Case in Brief
R. v. Rafilovich
Judges don’t have to make someone pay a fine equal to the earnings from crime they used (with permission) to pay for their defence, the Supreme Court has ruled.
People shouldn’t profit from crimes. Property someone gets through crime is called “proceeds of crime.” The Criminal Code says the Crown (the prosecution) can take the property if it is probably proceeds of crime. The property is held during the owner’s trial. If the person is found not guilty, and the property is not proven to be proceeds of crime, they can have it back. If they are found guilty, the Crown can keep it if a judge says so.
Without the seized property, a person accused of crimes may not be able to afford a lawyer to defend them. The Criminal Code says they can ask a judge to let some of the property be used to pay legal fees. If the judge agrees, they can set conditions to make sure the money is only used to pay for legal fees.

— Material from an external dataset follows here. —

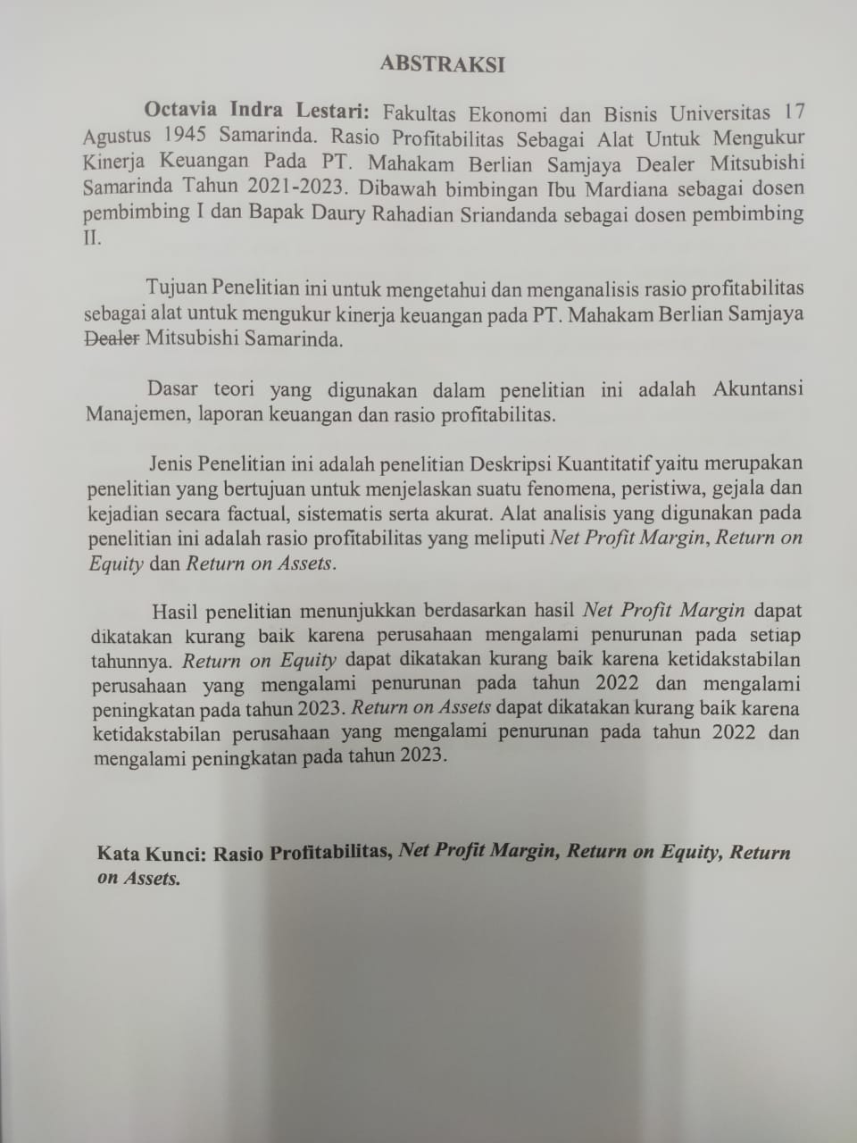 RASIO PROFITABILITAS SEBAGAI ALAT UNTUK MENGUKUR KINERJA KEUANGAN PADA PT. MAHAKAM BERLIAN SAMJAYA DEALER MITSUBISHI SAMARINDA TAHUN 2021 - 2023

If the person is found guilty, a judge will decide their sentence. The sentencing judge also has to decide exactly what property came from crime. The Crown usually gets to keep this. If the amount the Crown holds at sentencing is less than the amount the judge decides came from crime, the judge can make the person pay a fine. This is to prevent people from spending or hiding the proceeds of crime before they can be taken permanently. If the person doesn’t pay, they can go to prison (or go to prison longer).
Mr. Rafilovich was arrested for dealing drugs. The police found almost $50,000 worth of cocaine and $42,000 in cash. The Crown seized the cash as it was probably proceeds of crime. In 2009, before his trial, Mr. Rafilovich asked to use the money to pay for his lawyer. The judge said yes, and set a number of conditions, including an hourly rate and the maximum number of hours the lawyer could bill.
Mr. Rafilovich pleaded guilty and was sentenced to jail. The judge decided the money the police found was proceeds of crime. But the money was gone because it had all been used to pay Mr. Rafilovich’s lawyer. The Crown said Mr. Rafilovich should still have to pay the total amount as a fine. But the sentencing judge said no. He only used the money to hire a lawyer, which he wouldn’t have been able to do if the money wasn’t returned.
The Court of Appeal said the sentencing judge had to charge the fine. It said paying for a lawyer with proceeds of crime let Mr. Rafilovich benefit from his crime. The point of seizing proceeds of crime was to prevent people from benefiting from crime. It fined Mr. Rafilovich almost $42,000.
In the past, lower courts disagreed about what to do in this kind of situation. The Supreme Court had to decide what to do when an accused person got a judge’s permission to use possible proceeds of crime for legal fees.
The majority said judges can decide whether or not to charge a fine, depending on the situation. The sentencing judge was allowed to decide not to fine Mr. Rafilovich.
The majority said that sentencing judges shouldn’t normally fine someone to get back the amount that was used (with a judge’s approval) to pay for their legal defence. This would be unfair. An accused person is presumed to be innocent during their trial. (The presumption of innocence is part of the reason the Criminal Code says the money can be returned if a judge gives permission.) If the accused person had to pay the amount they spent on legal fees to the Crown if they lost, they might decide not to hire a lawyer. The majority said the purpose of the fine was to prevent people from spending or hiding the proceeds of crime. It wasn’t to punish someone from relying on the presumption of innocence and hiring a lawyer to defend themselves. Criminal justice is meant to provide a fair process to get a just result. It isn’t about getting maximum punishment at any cost.
This case was about how a judge should use their “discretion.” Discretion is a judge’s freedom to decide certain issues. That freedom has limits set by the law. This was the first time the court looked at a judge’s discretion to order a fine to get back proceeds of crime used to pay legal fees.
Cases in Brief are prepared by communications staff of the Supreme Court of Canada to help the public better understand Court decisions. They do not form part of the Court’s reasons for judgment and are not for use in legal proceedings.